Michael Steele: Nothing Settled Yet In Republican Primary

PHILADELPHIA (CBS) - Former Chairman of the Republican National Committee Michael Steele assessed the party's primary race following the voting in Wisconsin and said neither Ted Cruz nor Donald Trump are in as comfortable a position as their campaigns claim.

Steele, during an interview with Rich Zeoli on Talk Radio 1210 WPHT, stated that Cruz's victory in Wisconsin, while impressive, was not built on loyal followers rushing to the polls for their candidate of choice.

 

"It's a reset for those who are trying to stop Trump. They look at it that way with some degree of legitimacy. If I'm Ted Cruz though, I have to be a little bit concerned about the fact that you've got a lot of cynics who are supporting you for the Presidency who really don't want you to be the nominee of the party but only see you as a stop gap to Donald Trump. So this victory, in some respects, can be a little hollow if the reality of it is, when you get to the convention, all those delegates decide that they're going to go somewhere else."

As for Trump, he believes the current delegate leader is going to need significant assistance from rivals or former rivals to surpass the needed threshold.

"If all things stay the way they are, at least projected right now, he should be about 40 to 50 delegates short of the 1237 that he needs in which case, his folks are going to be negotiating like crazy with Kasich and Rubio and others, who still may have some delegates to get as close as he can to that 1237 on the first ballot."

Steele also made clear that nominating a yet unnamed candidate, like Speaker of the House, Paul Ryan, as a compromise if no candidate can get enough votes would cause too many problems for the GOP in the long run.

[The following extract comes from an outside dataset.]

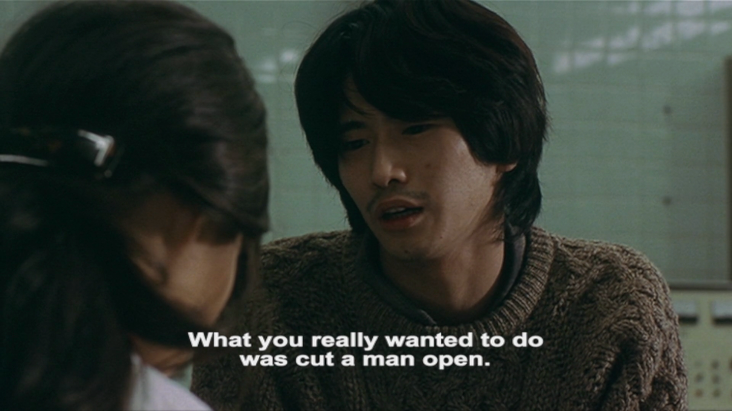 We’re consistently in Takabe’s predicament throughout, unable to trust ourselves. Cure wants us to experience its world as much as witness it. It favors long, bold takes—takes that develop meaning and effect over time, asking us to hold our gaze, waiting for more. We get quick shots of the visual tools of hypnosis: flashing lights and flowing water. We get sudden flashes of a ritually killed monkey, of Takabe’s wife, of a knife being grabbed. And we get whole visions. Takabe finds his wife dead, hanged in their home. Sakuma finds himself outside the building where Mamiya dies, someone staring out at him from the inside. Then we see him in Mamiya’s cell, where we see (again) a ritually killed monkey and then Takabe approaching him menacingly. These are all only revealed as visions after we experience them. Their recurrence destabilizes reality. We can justifiably ask, at any moment, “is this real?” The grammar in Cure—long takes, quick takes, real, unreal—never lets us relax. We find ourselves in an uncertain, untrustworthy world, plagued by what we might be missing, by what we’re failing to grasp.
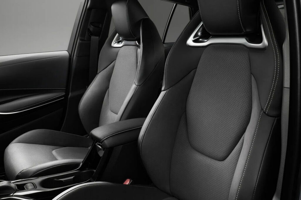 داخل المقصورة أضافت "تويوتا" مقاعد أمامية رياضية بمساند رأس مدمجة ووسائد ظهر بارزة، مع لمسات من الألومنيوم وفرش من الجلد الصناعي بخياطة لون رمادي، لتتناقض مع لون المقصورة الأسود بالكامل، وفي الأسفل تأتي دواسات القدم من الألومنيوم، فيما يمكن الحصول على فرش الأرضية بالشعار بشكل اختياري.

"What they would do, at the convention, if they're down to the 7th, 8th, 12th, 15th ballot and everyone goes here's the consensus guy and they put Ryan's name in there and, presumably, that would be enough to trigger all those delegates to fall, at least 1237 of them, into his camp, coming out that, they would then have a massive effort of getting his name onto the ballots across the country. He'd have to ramp up a presidential campaign coming out of the convention. I don't know how he does that. There's no amount of work that the party's going to be able to do that's going to be able to cover all the bases that need to be covered."